Monocyte/macrophage differentiation and KLF expression in monocytes and tissue-resident macrophages. (A) The stages of macrophage development. Yolk-sac erythro-myeloid progenitors differentiate into primitive yolk-sac derived macrophages that are long-lived. Foetal liver and bone marrow derived hematopoietic stem cells (HSCs) give rise to short-lived and long-lived macrophages during development and adulthood. A combination of these different macrophage sources contribute to the populations of adult tissue-resident macrophages (B–D) Data mining for a suite of different GEO submissions of different macrophage datasets for KLF expression. This bioinformatic analysis of these diverse datasets was undertaken by (53). It is difficult to compare absolute expression levels of different KLFs but relative expression of KLF2, KLF4 and KLF2 shows marked differences. For example, KLF3 is relatively highly expressed in alveolar macrophages and gut-derived macrophages.

Figure 5

Macrophage differentiation and M1/M2 polarisation. A Summary of KLF influences on monocyte differentiation and macrophage polarisation.
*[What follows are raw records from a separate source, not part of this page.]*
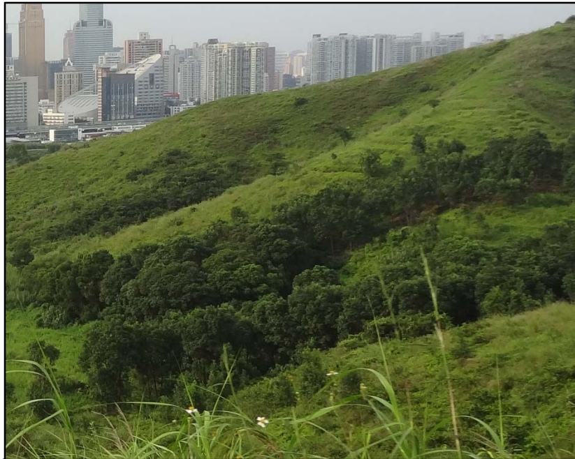
LR1.1 Hillside Woodland Distribute at Valley
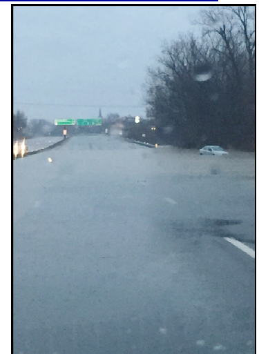
Flooding on I-70 last month

According to the National Weather Service, the storm made 2015 the wettest year on record. December 26 also broke some records with the nearly five inches of rain that fell that day making it third wettest day ever recorded in St. Louis history.
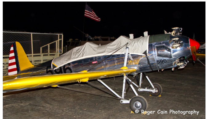
Ryan PT-22 Canopy Cover
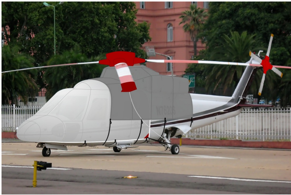
S76 Forward Fuselage, Engine, Main & Tail Rotor Hub Covers (illustration)

WINTER USE MATERIAL - Made with Solution-Dyed Polyester fabric, this option is intended for seasonal use to aid in deicing, rain mitigation, or for occasional travel. The material is lighter and more compact, but more susceptible to UV damage and may have a shorter useful life if used continuously outside than the all-year use material.

Monocytes differentiate from common myeloid progenitors (CMP) and granulocyte-macrophage progenitors (GMP), where KLF4 favours monocyte over neutrophil lineages. Monocytes then migrate to tissues as naïve M0-type macrophages. Upon inflammatory stimulus they polarise to M1-type pro-inflammatory or M2-anti-inflammatory macrophages. The influences of KLFs on the different stages of differentiation and polarisation are summarised.

Figure 6

The KLF3 -TLR loci in human and mouse. (A) Schematic generated from the UCSC Genome Browser (GRCh38/hg38). The KLF3 gene sits just upstream and is expressed in the opposite direction to three TLR genes, TLR10, TLR1 and TLR6, and sits downstream of the TBC1D1 gene within a 1Mb region of DNA on chromosome 4p14. There are a large number of lncRNAs (green) and enhancer signatures in this region between the coding genes, including KLF3-AS (121). There are three SNPs in the vicinity of one of these spliced LNC RNAs that are associated with inflammatory bowel disease (119, 120). The entire region is syntenic with mouse chr5qC3.1. (B) Schematic generated from the UCSC Genome Browser (CRCm38/mm10). The Klf3 gene sits just upstream and is expressed in the opposite direction to two TLR genes, Tlr1 and Tlr6, and sits downstream of the Tbc1d1 gene within a 1Mb region of DNA on chromosome 5qC3.1.